I really struggled after Eliaya was born to accept help from friends/family, thinking "oh, I can do this, she's my child". While Elora is most definitely mine, I get that it takes a village. I am SOOOOO thankful for the village. Not only do I need the village, but I need time with the Lord daily. Usually a few times a day. Whether it's during an early morning feed or an afternoon nap, I need to be in the Word. Psalms have been my encouragement these past two weeks, especially Psalm 32. It talks about how blessed are those who have been forgiven by the Lord. David reflects on the agony of life with hidden sin and how it destroys joy.

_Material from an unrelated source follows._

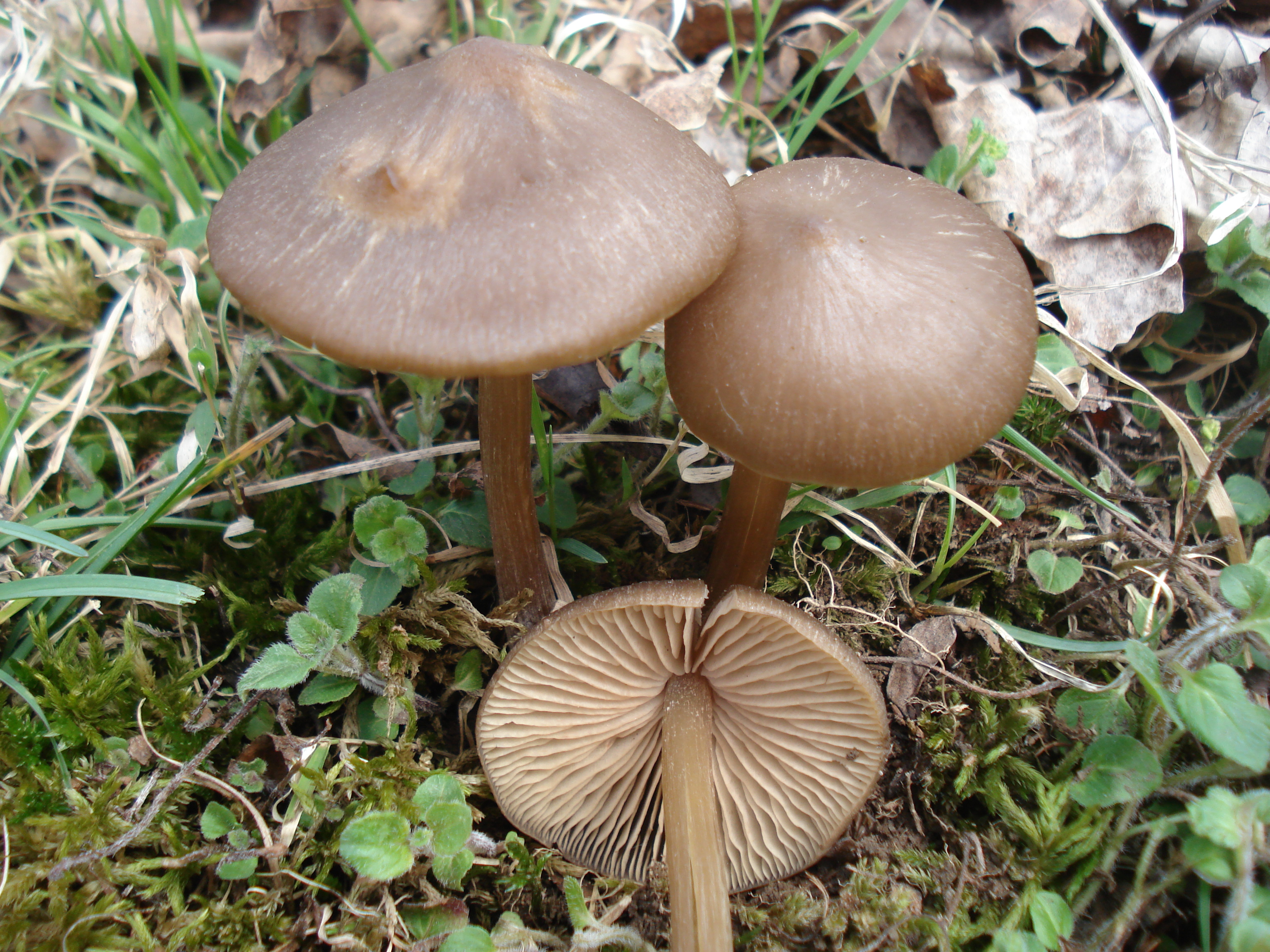 Entoloma vernum S. Lundell Location: Luzerne Co., Pennsylvania, USA For more information about this, see the observation page at Mushroom Observer.

The Lord waits for us with open arms, ready to receive. My own selfishness stares me in the face during these first few weeks of newborn. It is so good to be reminded of the freedom that comes with confession and how the Lord provides rest, instruction, and steadfast love to those who seek Him. I pray today that I would be an example to my children and those around me of the joy that comes from walking with, and not against, the Lord.

Psalm 32: Blessed Are the Forgiven (ESV)
Blessed is the one whose transgression is forgiven,
whose sin is covered.
Blessed is the man against whom the Lord counts no iniquity,
and in whose spirit there is no deceit.
For when I kept silent, my bones wasted away
through my groaning all day long.
For day and night your hand was heavy upon me;
my strength was dried up as by the heat of summer. Selah
I acknowledged my sin to you,
and I did not cover my iniquity;
I said, “I will confess my transgressions to the Lord,”
and you forgave the iniquity of my sin. Selah
Therefore let everyone who is godly
offer prayer to you at a time when you may be found;
surely in the rush of great waters,
they shall not reach him.
You are a hiding place for me;
you preserve me from trouble;
you surround me with shouts of deliverance. Selah
I will instruct you and teach you in the way you should go;
I will counsel you with my eye upon you.
Be not like a horse or a mule, without understanding,
which must be curbed with bit and bridle,
or it will not stay near you.
Many are the sorrows of the wicked,
but steadfast love surrounds the one who trusts in the Lord.
Be glad in the Lord, and rejoice, O righteous,
and shout for joy, all you upright in heart!